La région de Fako, avec les villes de Limbe, Tiko et Buea, est l’épicentre de l’épidémie de choléra au Cameroun, a-t-il précisé.
« Cette division est la plus sûre des régions anglophones, où le gouvernement combat les séparatistes armés depuis près de six ans maintenant. L’approvisionnement en eau était déjà problématique auparavant, mais la crise humanitaire actuelle n’a fait qu’empirer les choses », a-t-il ajouté.
Les normes d’hygiène et d’assainissement sont sous la pression des victimes de la guerre qui vivent dans des situations précaires, a-t-il expliqué.
« Les petits ports d’Idenau, de Tiko et de Limbe, dans le sud-ouest, gèrent également un trafic maritime accru en raison des violents affrontements qui limitent la frontière terrestre à Ekok via Mamfe pour le commerce avec le Nigeria », a-t-il ajouté.
Ces flux accrus dans des communautés maritimes où l’hygiène et les contrôles sanitaires sont insuffisants contribuent à l’aggravation de la situation du choléra, qui, selon lui, touche désormais la ville voisine de Douala, la capitale économique de la région côtière.
« Une crise comme celle-ci a des effets négatifs importants sur les questions de santé de la population », a déclaré à l’agence Anadolu Albert Ze, expert camerounais en économie de la santé et en épidémies.
Il a appelé à revoir la politique nationale en matière de soins de santé et à doter les populations des outils nécessaires pour protéger leur santé.
L’épidémie a semé la panique dans la population. Nombre d’entre eux se rendent sur les marchés traditionnels pour s’approvisionner en médicaments contre les maladies d’origine hydrique.
« J’évite autant que possible l’eau du robinet. Il y a trop de maladies maintenant », a déclaré Robert Elame, un habitant de la région.

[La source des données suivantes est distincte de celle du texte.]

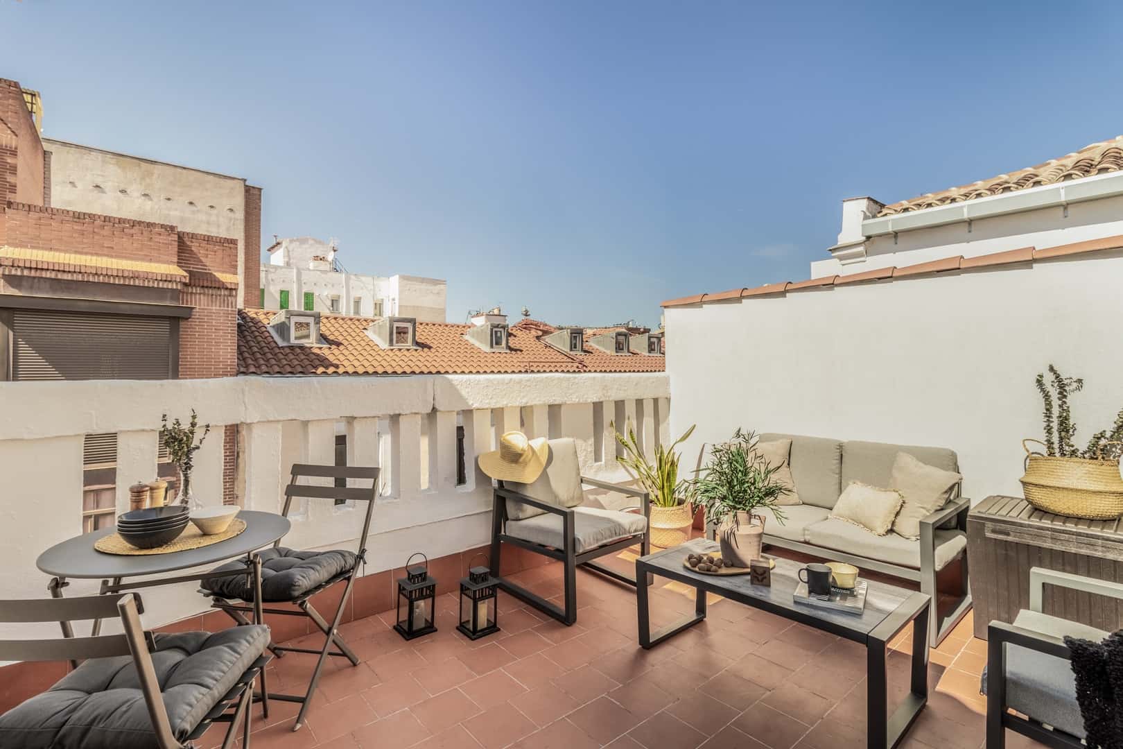 EN Our mission is to empower individuals to immerse themselves in new places by having a home wherever they go. We do this by providing artfully designed fully furnished and serviced apartments for stays of one month or more. We are currently present in some of the most important cities in Europe. This 64 square meter property blends traditional with modern, typical Madrilenian tiles and outdoor space meet unique design and chic decor. Alcazar boasts beauty both inside and out. Residing in the heart of the Almagro neighborhood, revel in the sights of royal mansions or historical monuments. After a stroll through the streets of Madrid, there's nothing better than relaxing at home. This 1 bedroom, 1 bathroom unique property is given a modern spin with design inspired by international travels and supplies from local artisans. The bedroom features a queen size bed with a rustic wooden headboard and an exposed brick wall framing the space. The beautifully tiled bathroom has a walk in shower and plenty of space for getting ready in the morning. The living room has a full entertainment system and an exposed brick accent wall with dried flower hangings to keep the grassland theme alive. A dedicated workstation sits behind the couch for remote working needs. The door leads out to the large terrace. Guests are encouraged to soak up the Mediterranean sun and enjoy a meal on the terrace, or in the colder months, at the indoor dining table. The tiled kitchen is furnished with all cooking appliances and utensils. Fully furnished, this home comes with everything you need, including bedding and linens. *We welcome pets, fees are subject to apply. Guests will be informed of any additional charges in the final contract. *We cannot be held liable for any noises (construction, or street noise) done outside the apartment. We also cannot be liable for any rooms without air conditioning (all the rooms with air conditioner will be explicitly explained in our description). We will not accept any reservation cancellations or refund requests related to these two issues. *Our in-house design team expertly selects all apartment furniture and decor to ensure the highest level of quality and comfort. As part of consistent home upkeep, design improvements, and photo staging, there may be minor differences in furnishings seen in the photos and what you find in the apartment. Inquire with a sales agent for any questions or doubts. NRA ESHFNT00E92810900001229000300000000000000000000000007

« Nous n’en avons pas fini avec la COVID-19, et déjà la typhoïde et le choléra essaient de nous tuer. Mon frère et ma petite amie ont récemment contracté la typhoïde. J’essaie de me guérir de cette même maladie. Notre eau n’est pas potable pour cuisiner ou laver nos aliments. »
Craintes concernant l’eau du robinet
De nombreuses personnes ont également exprimé leurs craintes concernant l’eau du robinet. Ceux qui ne pouvaient pas se payer de l’eau minérale pensaient qu’ils seraient morts depuis longtemps s’ils devaient s’inquiéter de l’eau qu’ils buvaient.
Citée par la presse locale, la Cameroon Water Utilities Corporation (Camwater), la société nationale d’approvisionnement en eau et d’assainissement, a défendu le « contrôle strict » et la qualité de son eau, affirmant que les zones gravement touchées par le choléra ne sont pas couvertes par son réseau d’approvisionnement, tandis que « certaines qui sont couvertes sont entrelacées avec d’autres réseaux d’eau communautaires comme à Limbe, Buea et Tiko », des villes de la zone anglophone.
À Douala, où Hermes Eboko étudie la sociologie à l’Université de Douala, il dit être fréquemment témoin de plusieurs jours de coupures d’eau à la fois, comme le vérifient les habitants de nombreuses autres villes.
Camwater ne remplit pas ses responsabilités et est malhonnête avec le public, dit-il, c’est pourquoi les gens ont recours à des alternatives telles que le forage de puits, parfois dans des environnements peu hygiéniques.
« La lutte pour l’eau potable est incessante et déchirante au Cameroun », a déclaré M. Ntui, faisant référence aux populations du nord du pays qui n’ont pas été épargnées par le choléra, l’insécurité et la sécheresse.